# low voltage lamp questions



## ship (Dec 11, 2005)

What will happen if you run a 12V/30W lamp off a 6V/30w transformer?

What’s the maximum wattage of 12V lamp you can run off a 12V/100mA transformer?

What’s the maximum wattage of 12V lamp you can run off a 15V/100mA transformer?

If you have a 24V/20W transformer, how many 6V/20W lamps can you run in series off it?

If you have a low voltage swivel arm reading lamp fixture, where the power to the lamps goes thru the parallel swivel arms of the fixture, would your lamp dim if the paint were scratched and a grounded piece of metal touches that scratch?

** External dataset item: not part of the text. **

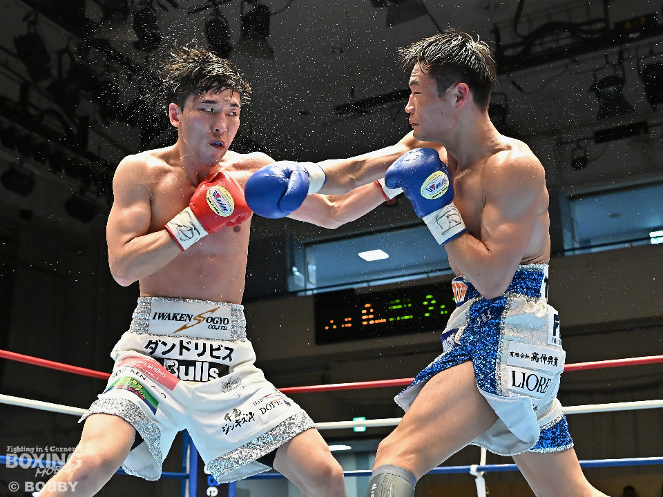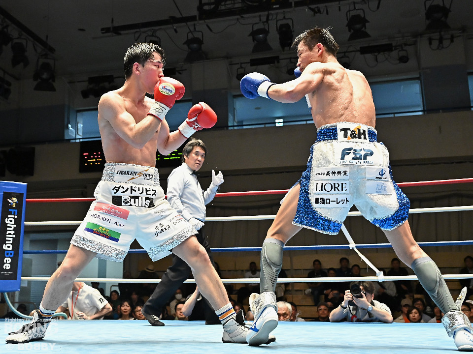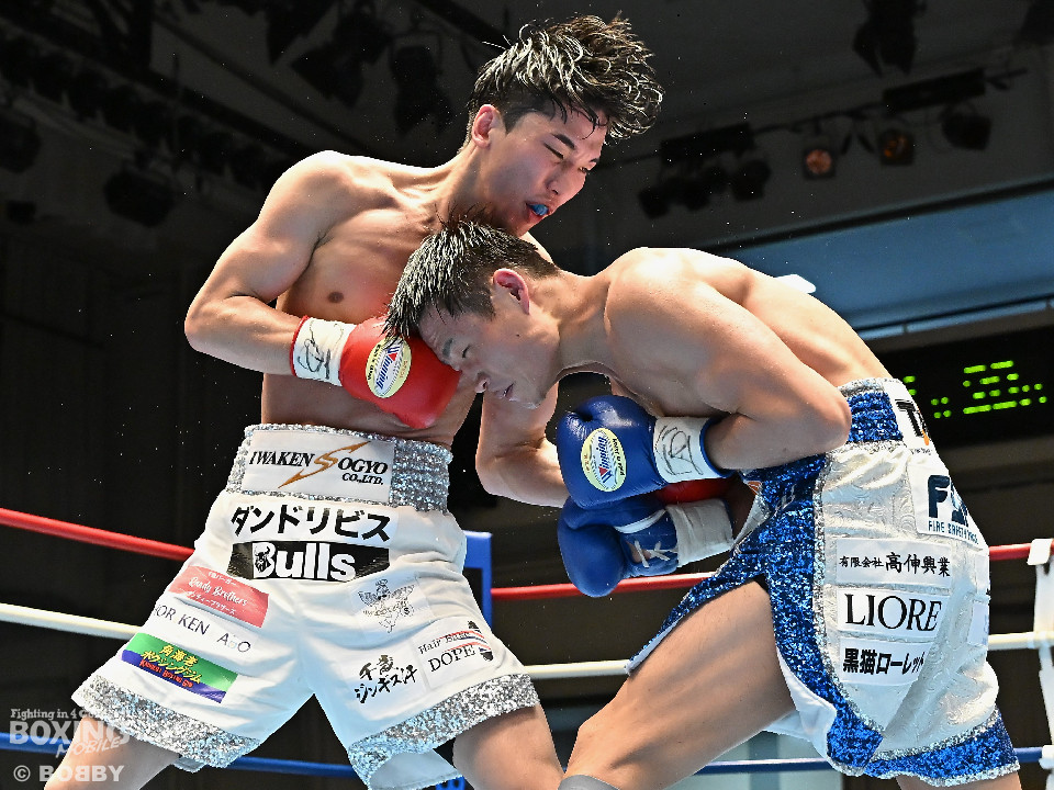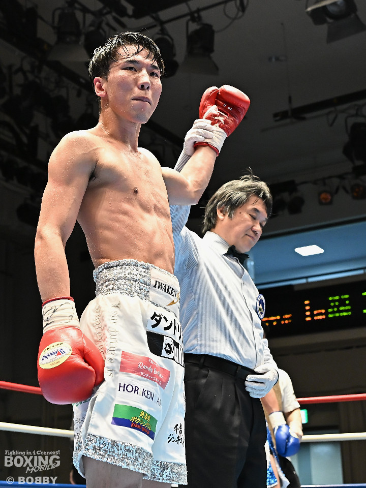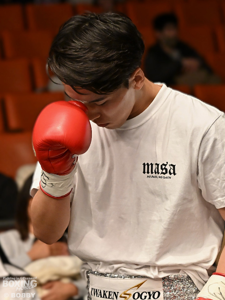 試合:フェイントをかけつつ機会を探った榊野は右フックで先制、左右ボディを好打した。2回、榊野はワンツーをヒット、ジャブから右ボディにつなげた。3回、挽回すべく攻勢を強めた西畑に対し、榊野はジャブから右ボディを突き刺すとワンツーで顔を跳ね上げた。4回、パンチを上下に散らした榊野は右フックでダウンを先取、再開後はボディにパンチを集めた。5回、近距離の打ち合いでは左フックを決めた榊野に対し、西畑は右をヒット、右ボディを好打した。6回、ジャブから右ボディにつなげた西畑はワンツーで顔を跳ね上げると右フックでポイントを重ねた。7回、左フックを叩きつけた榊野はワンツーをヒット。西畑もワンツーで反撃した。8回、榊野はワンツーを左フックまで返し、優勢をアピール。西畑にロープを背負わせてパンチをまとめると西畑はワンツーで反撃し意地を見せた。結果は3者の支持を得た榊野が再起戦を勝利。ランキング復活を確実とした。
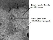 Using data from Mars Global surveyor, Mars Odyssey and the Mars Reconnaissance Orbiter, scientists have found widespread deposits of chloride minerals. Evidence suggests that the deposits were formed from the evaporation of mineral enriched waters. The research suggests that lakes may have been scattered over large areas of the Martian surface. Usually chlorides are the last minerals to come out of solution. Carbonates, sulfates, and silica should precipitate out ahead of them. Sulfates and silica have been found by the Mars Rovers on the surface. Places with chloride minerals may have once held various life forms. Furthermore, such areas could preserve traces of ancient life.

Given two parallel pieces of 1/16" GAC wire rope mounted to two walls 20' away, and a 12V/100W transformer connected to the wire rope, what’s the maximum safe wattage of lamp you can hang and power up from the wire rope? Would assuming a 12v lamp, it get brighter the closer it got to the transformer? What would be the best lamp to use towards the end of the wire rope, 50W/6.6V EZP, a 90W/14.5V EPV, or a 42W/10.8V EPT? What would be a better improvement for this system, installing a different wire rope (which type) or installing a different transformer (what rating?) http://lightbulbsetc.com/ “Tightrope Cable Lighting Fixtures” would be a sample of this type of system.


----------



## Radman (Dec 12, 2005)

> What will happen if you run a 12V/30W lamp off a 
> 6V/30w transformer?

It will be dimmer?

> What’s the maximum wattage of 12V lamp you can run
> off a 12V/100mA transformer?

Well I plugged those numbers into Ohm's law and got 1.2 watts, but I might be going about that one the wrong way.

Yeah I picked the easy ones.


----------



## Diarmuid (Dec 13, 2005)

What’s the maximum wattage of 12V lamp you can run off a 15V/100mA transformer?

I think that it is still 1.2Watts, but i believe that it is not actually safe to run it off a 15V power supply, because the lamp is only rated to 12 v.

I'm not entirely sure, but i think thats the right answer.


----------



## Diarmuid (Dec 14, 2005)

Now that I think about it, if what I wrote above is true, then the answer to:
"If you have a 24V/20W transformer, how many 6V/20W lamps can you run in series off it?"

is also, none because they would blow. But that is only if what I wrote earlier is correct...


----------



## Mayhem (Dec 14, 2005)

Lamps are often run in series and like resistors, when in series you add up the voltage of each lamp. This is how we run 110V PAR lamps off of a 240V supply. It is also how ACLs are wired up.


----------



## TheHeadhunter (Dec 15, 2005)

What will happen if you run a 12V/30W lamp off a 6V/30w transformer? I might be wrong, but I think it would appear at the same brightness but use more current.

What’s the maximum wattage of 12V lamp you can run off a 12V/100mA transformer? 1.2 watts.

What’s the maximum wattage of 12V lamp you can run off a 15V/100mA transformer? 1.5 watts, but the lamp might not like getting 15v when it is only rated for 12v.

If you have a 24V/20W transformer, how many 6V/20W lamps can you run in series off it? Four, but they would be dim (5 watt output). Then again, you could keep adding lights and they would get more dim every time.


----------



## Mayhem (Dec 15, 2005)

Series will not mean that each lamp will take a fraction of the available power – i.e., 4 lamps will not see 1/4 of the power. They will see all available power. However, should one lamp blow, all will go out as the circuit is opened.


----------